Many forget to do so, but remember: there's scientists behind many open-source tools, and citations are the way we can reward them in academic currency!

    Harris, C.R., Millman, K.J., van der Walt, S.J. et al. Array programming with NumPy. Nature 585, 357–362 (2020). DOI: 10.1038/s41586-020-2649-2

Let's import the library!

In [None]:
import numpy as np

## `np.ndarray`

Data type representing N-dimensional arrays

Workhorse of scientific computing!

A note on language: when we say `array` we do not imply any number of dimensions:
- <span style="color:indianred">vectors</span> will be 1D arrays
- <span style="color:indianred">matrices</span> will be 2D arrays
- for n>2, I will use <span style="color:indianred">n-dimensional matrix</span>, or <span style="color:indianred">stack</span> (if we talk about imaging data/other kind of stacked data)

Related note: there is a `np.matrix` class in `numpy`, but you **should not** use it; it has not been adopted much and  it might be removed soon!

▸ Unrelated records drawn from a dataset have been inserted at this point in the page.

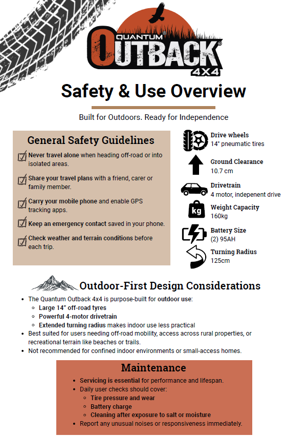The Quantum Outback 4x4 comes with the latest Q-Logic 3 Expandable Drive Control System and Quantum’s TRU-Balance 3 Power Positioning System. Whether you're navigating through bush tracks, gravel paths, or wide-open country properties, the Outback 4x4 gives you the freedom to explore new terrain without limitations. With off-road pneumatic 14.5” knobby tyres, exceptional ground clearance, and the ability to climb obstacles up to 10.2 cm, the Outback 4x4 is built for strength, durability, and unmatched performance.
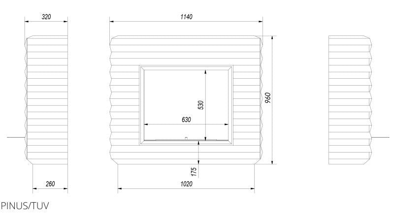 - Abmaße Biokamin Höhe x Breite x Tiefe: 960 x 1020 x 260 mm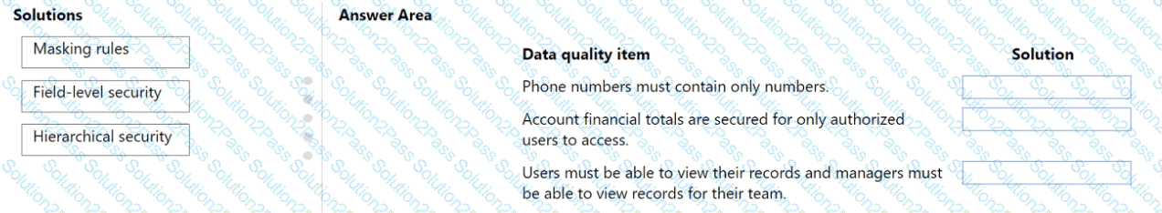 What should you recommend? To answer, drag the appropriate solutions to the correct data quality items. Each solution may be used once, more than once, or not at all. You may need to drag the split bar between panes or scroll to view content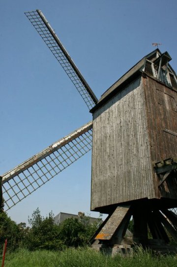 La présence de moulins est attestée dès le XVe siècle. Nos régions aux nombreuses rivières, ont privilégié les moulins à eau, la force de l'eau étant plus facile à maîtriser que celle du vent. Pour profiter au maximum des courants atmosphériques, un moulin à vent devait se situer au milieu d'une vaste étendue découverte. Le Brabant wallon compte encore quelques moulins à vent en brique tel celui de Nil-St-Vincent, Saintes ou Opprebais. Ces moulins du type "tour" ont une toiture mobile tandis que notre moulin, entièrement en bois, de plan carré, a un corps tournant.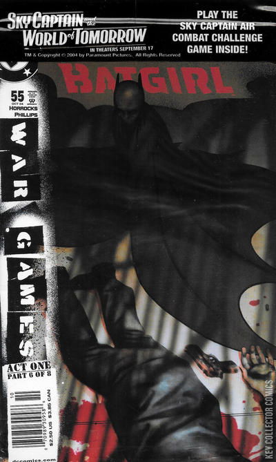 WAR GAMES ACT 1 PART 6 - TOTAL WAR Batgirl saves a four-year-old boy from a mob hit, alerting Oracle to the fact that innocents have now become targets in the gang war which is sweeping the city. They then get word that a number of children are being held hostage at Louis E. Grieve Memorial High, Tim Drake's school. On the way there, Batgirl encounters Spoiler, who is out on the streets doing her best to help. She tells the younger hero to stay off the streets and makes her way to the school, hitching a ride from a television news helicopter. Once there, she and all the bystanders hear a single gunshot.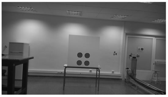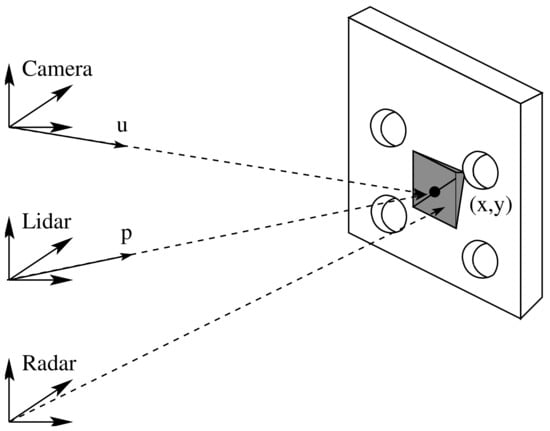 Figure 5 shows the calibration board and the corner reflector, as well as the lidar and radar frames. Figure 6 depicts the four circles’ centers (), the middle point (x, y), and the two lines (). Based on classical analytical geometry [34], two equations that correspond to were obtained—Equations (3) and (4). Then, by solving the previous equations, a crossing point (x, y) in pixels was found, as shown by Equations (5) and (6).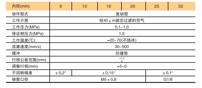 | 內(nèi)徑(mm) | 標(biāo)準行程(mm) | 最大行程(mm) |

`np.ndarray` is a powerful data storing structure:

- it addresses memory allocation efficiency issues

- it gives powerful indexing functionalities

- implements vectors/matrices algebric operations

## creating arrays

### Initialize empty arrays

We can create a simple array of zeros using the `np.zeros` function, and passing it:


A single integer n to create a 1D vector of length n:

In [None]:
np.zeros(3)  # we pass a single integer for a 1D array

A tuple of numbers indicating the size for every dimension for more dimensions

In [None]:
np.zeros((3,2))  # we pass the tuple (3, 2) to have a 3 x 2 matrix

The `np.ones` function works in the same way but creates a matrix of ones:

In [None]:
np.ones((3,2))

We can inizialize a matrix with arbitrary values using `np.full`:

In [None]:
np.full((2,3), np.nan)

In numpy arrays, **all elements must be of the same type**! (This is important to make arrays efficient)

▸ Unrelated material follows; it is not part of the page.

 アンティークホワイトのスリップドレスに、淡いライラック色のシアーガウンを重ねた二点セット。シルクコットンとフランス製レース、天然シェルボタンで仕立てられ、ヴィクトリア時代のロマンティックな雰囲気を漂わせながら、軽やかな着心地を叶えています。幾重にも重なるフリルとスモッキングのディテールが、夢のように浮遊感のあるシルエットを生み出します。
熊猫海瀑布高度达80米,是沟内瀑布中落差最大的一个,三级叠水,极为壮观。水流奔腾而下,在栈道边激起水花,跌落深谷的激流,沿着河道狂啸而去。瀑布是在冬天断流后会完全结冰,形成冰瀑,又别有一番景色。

By default, `np.nparray`s will be initialized with `float` values:

In [None]:
np.ones((2,3))

To specify the data type of our array, we can pass the `dtype` argument (for data type). For example, we can make it `int`:

In [None]:
np.ones((2,3), dtype=int)

To change the data type of an existing array, we can use the `.asdtype(new_type)` method:

In [None]:
my_arr = np.ones((2,3))
my_arr.astype(int)

We can also use some special data type from numpy, for memory saving purposes:
 - `np.uint8` (numbers from 0 to 255)
 - `np.int8` (numbers from -128 to 127)
 - `np.uint16` (numbers from 0 to 65535)
 - `np.int16` (numbers from -32768 to 32767)
 
The number (8 or 16) represents the number of **bits** used for every entry in the array!

In [None]:
import sys
a_python_int_array = np.ones((200, 300))

sys.getsizeof(a_python_int_array)  # we ask for the size of the array in memory

In [None]:
a_uint8_array = np.ones((200, 300), dtype=np.uint8)

sys.getsizeof(a_uint8_array)  # the np.uint8 type is much more efficient!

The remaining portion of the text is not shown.